Task — Copy the data exactly, pictures aside.

START Available data

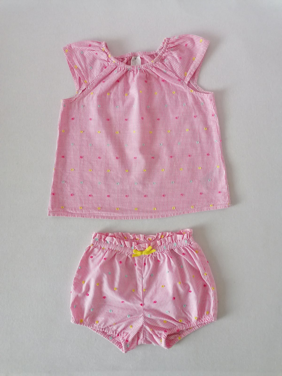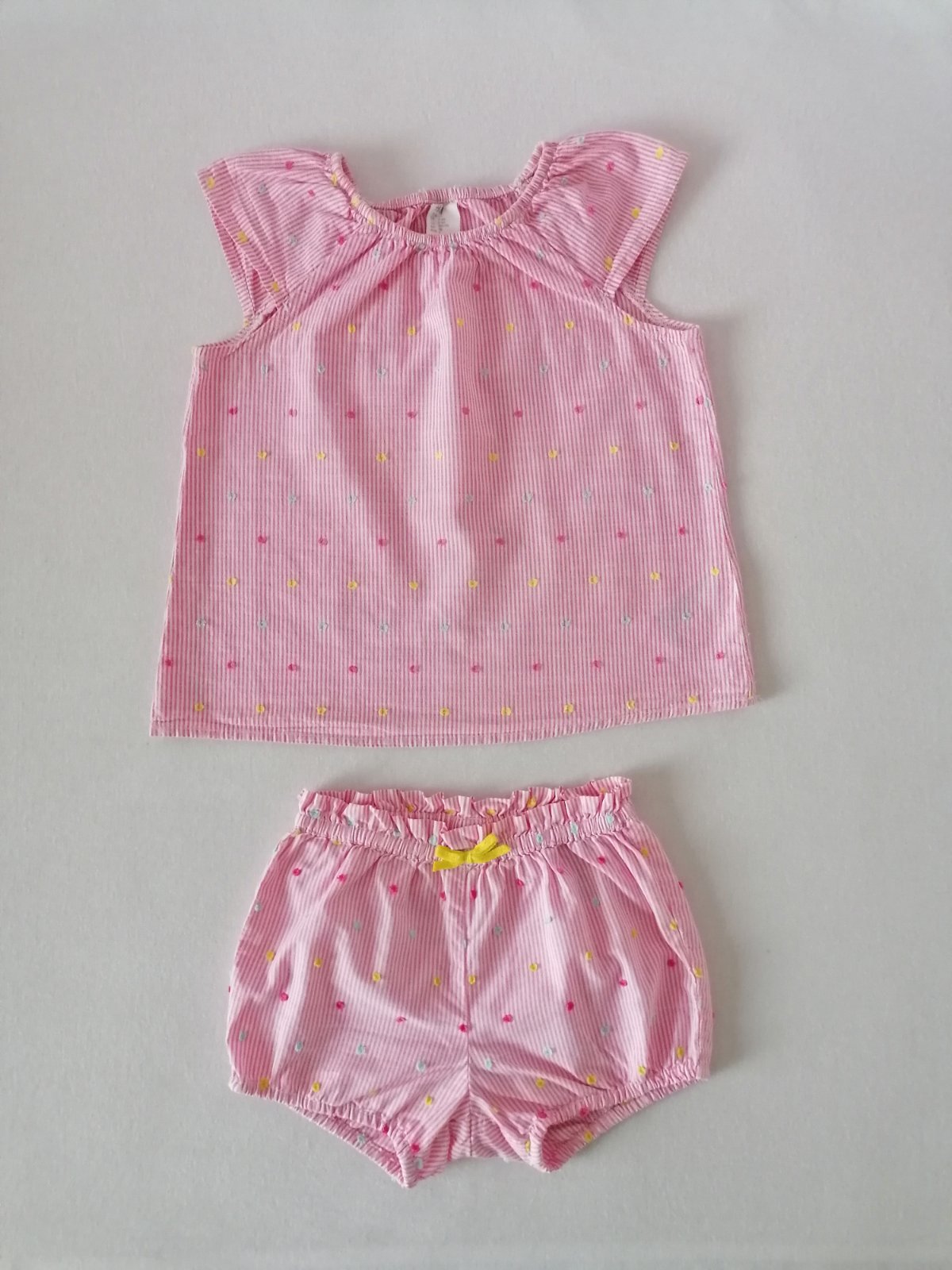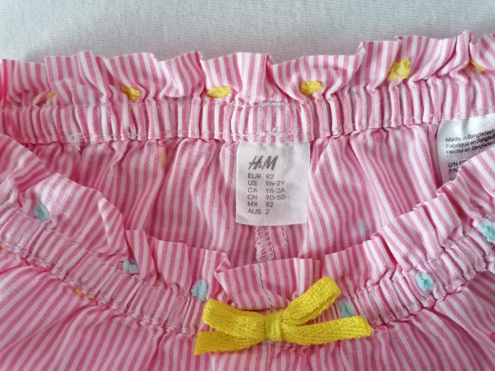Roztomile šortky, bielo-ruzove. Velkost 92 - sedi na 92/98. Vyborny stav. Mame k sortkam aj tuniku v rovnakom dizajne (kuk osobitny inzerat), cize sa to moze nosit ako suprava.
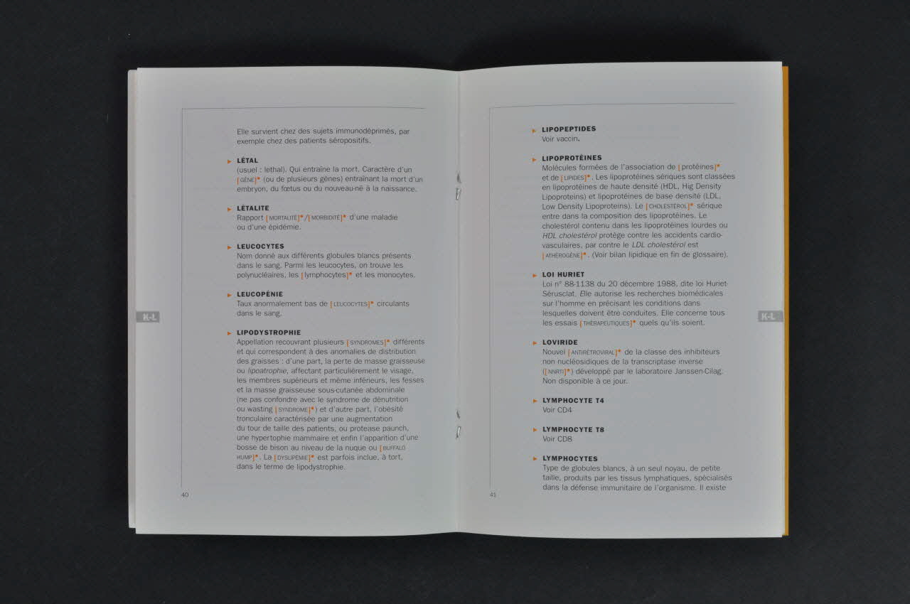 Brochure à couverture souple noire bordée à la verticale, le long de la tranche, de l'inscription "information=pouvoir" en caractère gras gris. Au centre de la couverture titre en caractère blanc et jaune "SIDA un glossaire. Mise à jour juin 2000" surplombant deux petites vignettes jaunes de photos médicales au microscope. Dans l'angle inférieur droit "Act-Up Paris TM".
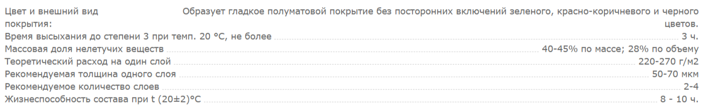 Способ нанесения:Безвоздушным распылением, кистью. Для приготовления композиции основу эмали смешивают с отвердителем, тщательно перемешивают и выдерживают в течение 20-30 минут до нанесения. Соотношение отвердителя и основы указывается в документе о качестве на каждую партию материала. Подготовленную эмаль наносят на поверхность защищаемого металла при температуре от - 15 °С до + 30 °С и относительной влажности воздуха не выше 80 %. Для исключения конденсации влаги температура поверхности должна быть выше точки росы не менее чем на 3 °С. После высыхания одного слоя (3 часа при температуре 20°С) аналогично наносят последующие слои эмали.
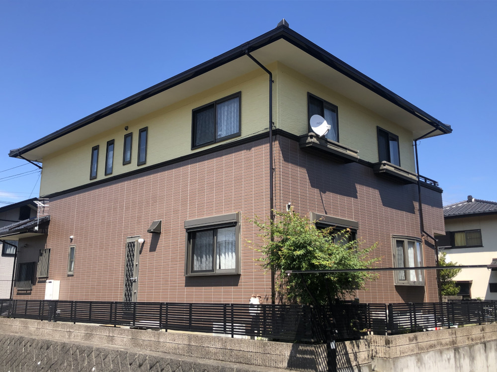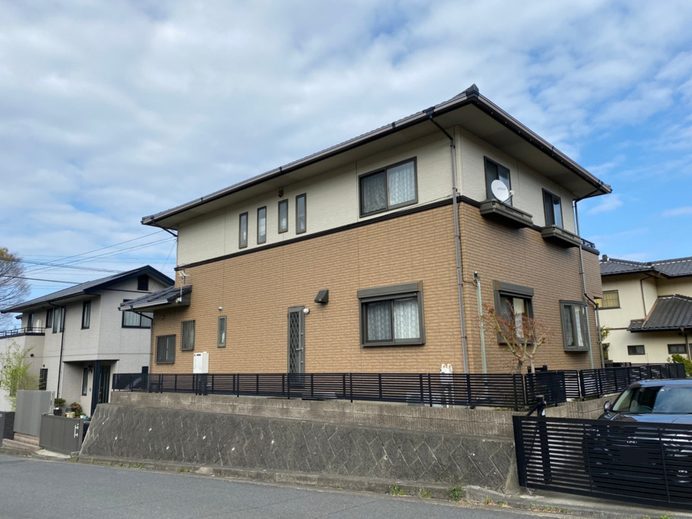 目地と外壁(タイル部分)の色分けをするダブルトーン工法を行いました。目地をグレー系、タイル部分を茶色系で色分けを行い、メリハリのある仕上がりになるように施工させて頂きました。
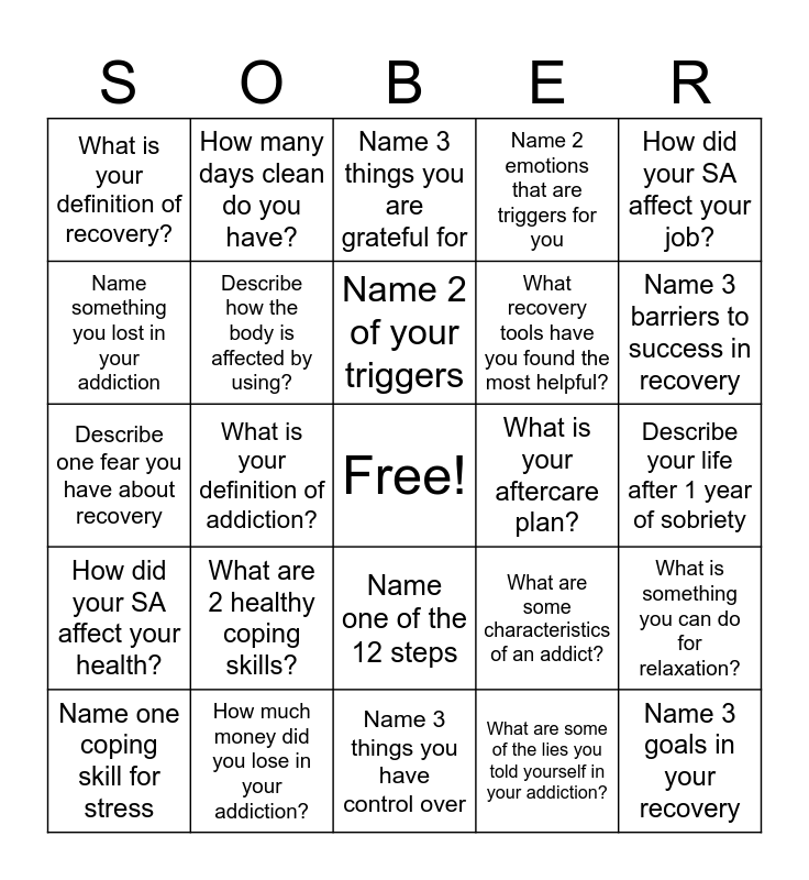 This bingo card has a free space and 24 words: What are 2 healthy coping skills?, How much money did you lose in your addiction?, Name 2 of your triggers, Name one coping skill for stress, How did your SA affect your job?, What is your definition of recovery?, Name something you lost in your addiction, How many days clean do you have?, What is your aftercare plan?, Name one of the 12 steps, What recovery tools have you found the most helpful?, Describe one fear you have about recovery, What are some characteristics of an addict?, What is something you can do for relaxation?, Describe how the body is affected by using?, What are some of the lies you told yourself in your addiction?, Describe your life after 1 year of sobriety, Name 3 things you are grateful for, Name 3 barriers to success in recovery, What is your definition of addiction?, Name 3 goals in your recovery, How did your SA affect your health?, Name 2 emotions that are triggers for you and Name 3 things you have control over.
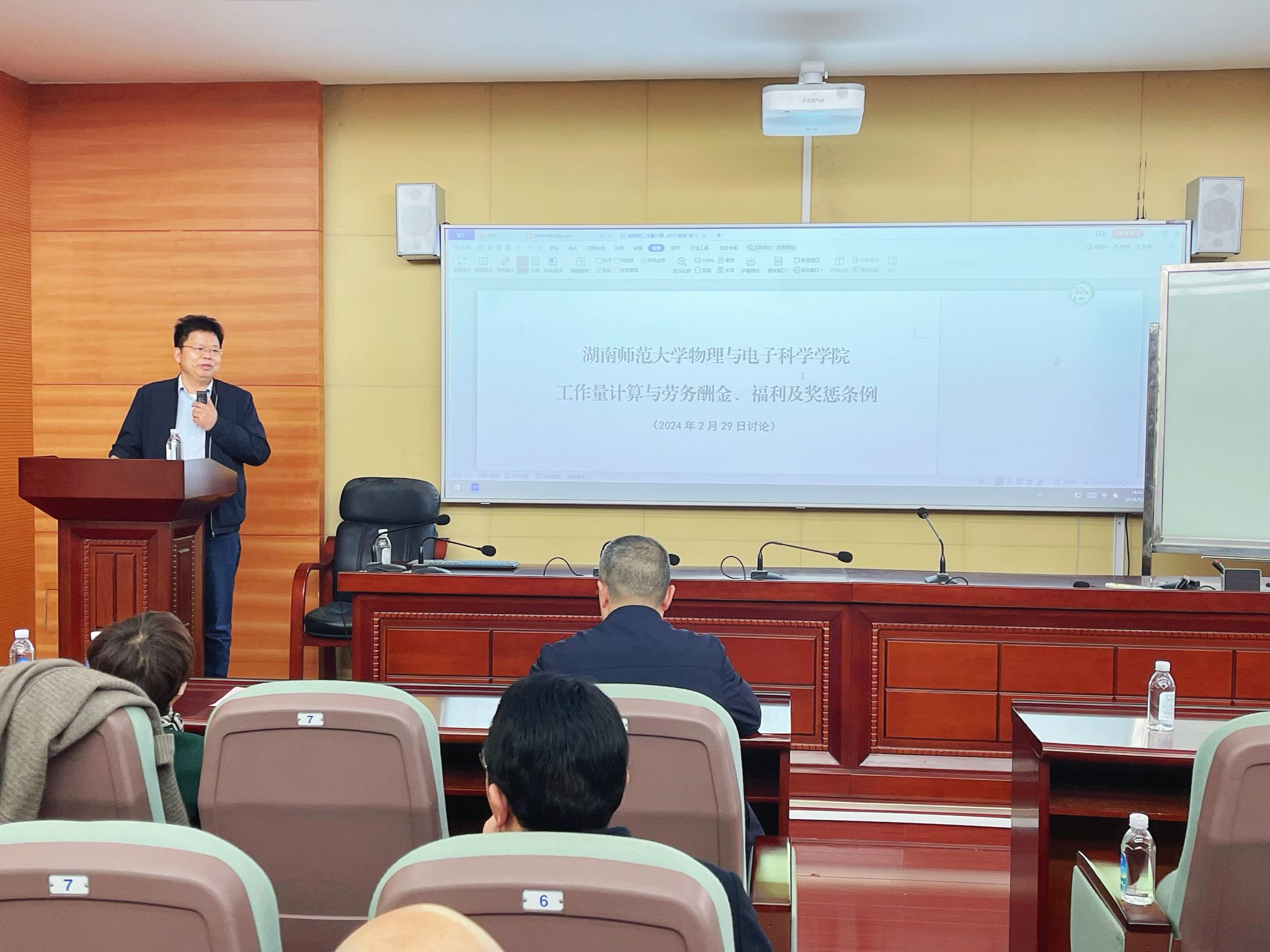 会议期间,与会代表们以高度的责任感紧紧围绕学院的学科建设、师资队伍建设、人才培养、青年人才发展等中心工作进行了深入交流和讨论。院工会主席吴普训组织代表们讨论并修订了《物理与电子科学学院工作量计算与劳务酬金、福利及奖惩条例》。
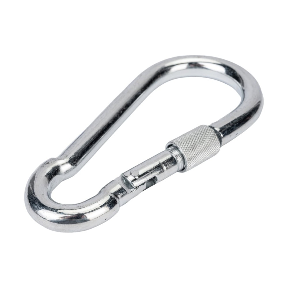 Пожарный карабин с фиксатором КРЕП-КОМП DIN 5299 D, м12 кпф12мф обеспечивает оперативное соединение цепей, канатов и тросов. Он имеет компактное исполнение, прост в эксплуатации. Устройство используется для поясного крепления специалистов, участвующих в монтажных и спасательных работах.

END Available data

Your response —
Roztomile šortky, bielo-ruzove. Velkost 92 - sedi na 92/98. Vyborny stav. Mame k sortkam aj tuniku v rovnakom dizajne (kuk osobitny inzerat), cize sa to moze nosit ako suprava.
 Brochure à couverture souple noire bordée à la verticale, le long de la tranche, de l'inscription "information=pouvoir" en caractère gras gris. Au centre de la couverture titre en caractère blanc et jaune "SIDA un glossaire. Mise à jour juin 2000" surplombant deux petites vignettes jaunes de photos médicales au microscope. Dans l'angle inférieur droit "Act-Up Paris TM".
 Способ нанесения:Безвоздушным распылением, кистью. Для приготовления композиции основу эмали смешивают с отвердителем, тщательно перемешивают и выдерживают в течение 20-30 минут до нанесения. Соотношение отвердителя и основы указывается в документе о качестве на каждую партию материала. Подготовленную эмаль наносят на поверхность защищаемого металла при температуре от - 15 °С до + 30 °С и относительной влажности воздуха не выше 80 %. Для исключения конденсации влаги температура поверхности должна быть выше точки росы не менее чем на 3 °С. После высыхания одного слоя (3 часа при температуре 20°С) аналогично наносят последующие слои эмали.
 目地と外壁(タイル部分)の色分けをするダブルトーン工法を行いました。目地をグレー系、タイル部分を茶色系で色分けを行い、メリハリのある仕上がりになるように施工させて頂きました。
 This bingo card has a free space and 24 words: What are 2 healthy coping skills?, How much money did you lose in your addiction?, Name 2 of your triggers, Name one coping skill for stress, How did your SA affect your job?, What is your definition of recovery?, Name something you lost in your addiction, How many days clean do you have?, What is your aftercare plan?, Name one of the 12 steps, What recovery tools have you found the most helpful?, Describe one fear you have about recovery, What are some characteristics of an addict?, What is something you can do for relaxation?, Describe how the body is affected by using?, What are some of the lies you told yourself in your addiction?, Describe your life after 1 year of sobriety, Name 3 things you are grateful for, Name 3 barriers to success in recovery, What is your definition of addiction?, Name 3 goals in your recovery, How did your SA affect your health?, Name 2 emotions that are triggers for you and Name 3 things you have control over.
 会议期间,与会代表们以高度的责任感紧紧围绕学院的学科建设、师资队伍建设、人才培养、青年人才发展等中心工作进行了深入交流和讨论。院工会主席吴普训组织代表们讨论并修订了《物理与电子科学学院工作量计算与劳务酬金、福利及奖惩条例》。
 Пожарный карабин с фиксатором КРЕП-КОМП DIN 5299 D, м12 кпф12мф обеспечивает оперативное соединение цепей, канатов и тросов. Он имеет компактное исполнение, прост в эксплуатации. Устройство используется для поясного крепления специалистов, участвующих в монтажных и спасательных работах.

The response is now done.